One has to wonder why we don't just leave everyone at home (working on local issues or researching laws etc) and vote by mail and have questions answered in statements the next day.

I suggest we have a system problem here.

Posted by Genius : 8/30/2006 07:42:00 AM

I agree it might be interesting to get an insight into Ron Mark's psyche, but this sort of thing gets 6 o'clock news focus and the hard work that goes on in the public sector gets ignored. A lot of things are going on that have a much more direct effect on people's lives, but TV's not interested.

Posted by Anonymous : 8/30/2006 11:43:00 AM

And Ron Mark and others undid ALL the perception of good work.

I don't know what has a more insidious affect on peoples lives than hypocracy and abuse of power, do you?

Posted by Anonymous : 8/30/2006 12:39:00 PM

I had to laugh at DB on the radio this morning suggesting that the PM was remiss in allowing TPF to undermine the reputation of parliament (which he is doing) Politicians have spent the last 20 years doing just that.

Craig, perhaps "gesticulating and screeching like demented toddlers" is considered to be "speaking" for the rules to apply? Perhaps if Ron had said something witty like "sit and spin mo'fucker" it would have been OK for TV3 to broadcast?

Posted by PabloR : 8/30/2006 12:51:00 PM

PabloR:

No, and if Mark ever wants to get in my face and suggest I might enjoy getting digitally sodomised by my mother I'll slap the black off him. My point is that if Madame Speaker wants to enforce the rule that broadcasters should only show footage of members who have the call - and that doesn't apply to anyone interjecting from their seats -, then she should enforce it consistently. What's so hard to understand about that?

Then again, Madame Speaker and her deputies would enhance public respect for Parliament if they were energetic in enforcing the notion that interjections should be 'rare, reasonable and preferably witty'. I've been in the chamber and seen members from all sides of the House rendered inaudible by a wall of noise, literally as soon and they stood up. Again, I/S is quite right: If MPs are concerned that public scrutiny would "undermine their dignity", then they have a simple solution: behave as if they had some.

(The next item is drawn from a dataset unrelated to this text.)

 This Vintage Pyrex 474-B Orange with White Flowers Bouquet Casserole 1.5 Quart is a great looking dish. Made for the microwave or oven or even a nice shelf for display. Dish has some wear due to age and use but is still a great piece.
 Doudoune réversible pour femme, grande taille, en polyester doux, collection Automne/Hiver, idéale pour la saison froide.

Posted by Craig Ranapia : 8/30/2006 02:39:00 PM

"Parliament being a law unto itself is among the fundamental principles of our democratic system."

Equally fundamental is a robust democratic response of annoyance and anger from the public when parliament gets out of line.

That'd be us.

Posted by Icehawk : 8/30/2006 03:10:00 PM

Craig, hard to believe, but I am with you on this. They act like utter children (actually, my kids act better than that and they are toddlers) and their inability to see that they have contributed to their losing the respect of the voters is laughable. Another example of MPs making the rules flexible enough to have their cake & eat it.

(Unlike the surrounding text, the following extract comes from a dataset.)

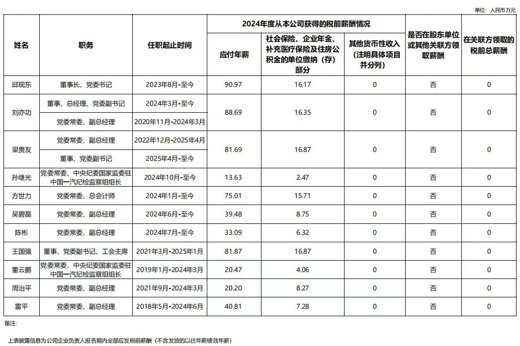 一汽、东风高管薪酬披露,2026年业绩成关键

Posted by PabloR : 8/30/2006 05:36:00 PM

Aren't you blaming the wrong person? Shouldn't the issue be with the Privileges Cttee who writes the rules, not the Speaker who has to enforce all the rules, without fear or favour and not to pander to the populist approach?

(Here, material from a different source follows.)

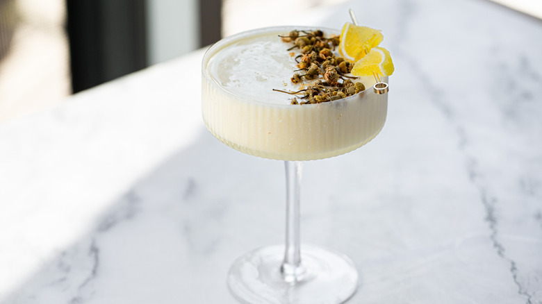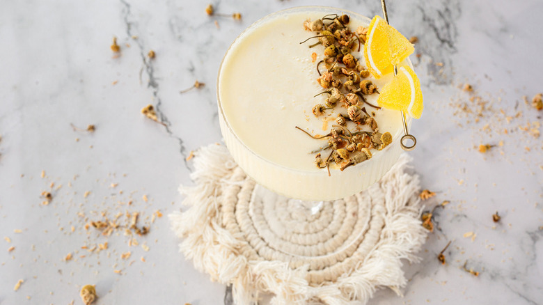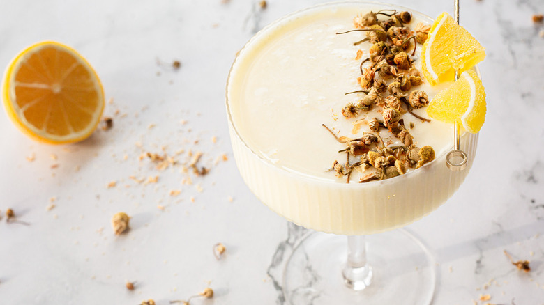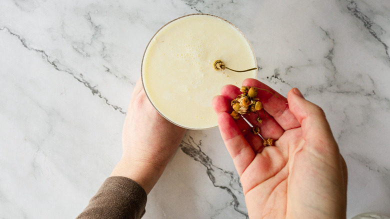 - 1 teaspoon loose chamomile flowers, plus more for garnish

Posted by Jordan : 8/31/2006 12:31:00 AM

This comment has been removed by a blog administrator. Posted by Craig Ranapia : 8/31/2006 08:45:00 AM

Jordan:

Up to a point, but I'd also note that the Speaker also has very wide discrection how she (or he) enforces those rules and the penalties handed down for transgressions. That's why I've tried to make a clear distinction: Historically, we've had Speakers who've been snarling martinets and others who were human doormats. Now, you can respectably argue that a good Speaker must find a happy medium between those two extremes for themselves, and that strictly perscriptive standing orders cause more problems than they solve.

My counter-argument is that no competent Speaker can allow the perception (fair or not) to exist that any standing order is applied inconsistently or on a whim. Just as all MPs have a responsibility not to encourage the perception that all politicians are blathering hypocrites who preach one standard of conduct to the hoi polloi, but apply quite another to themselves and their mates when it's convenient to do so.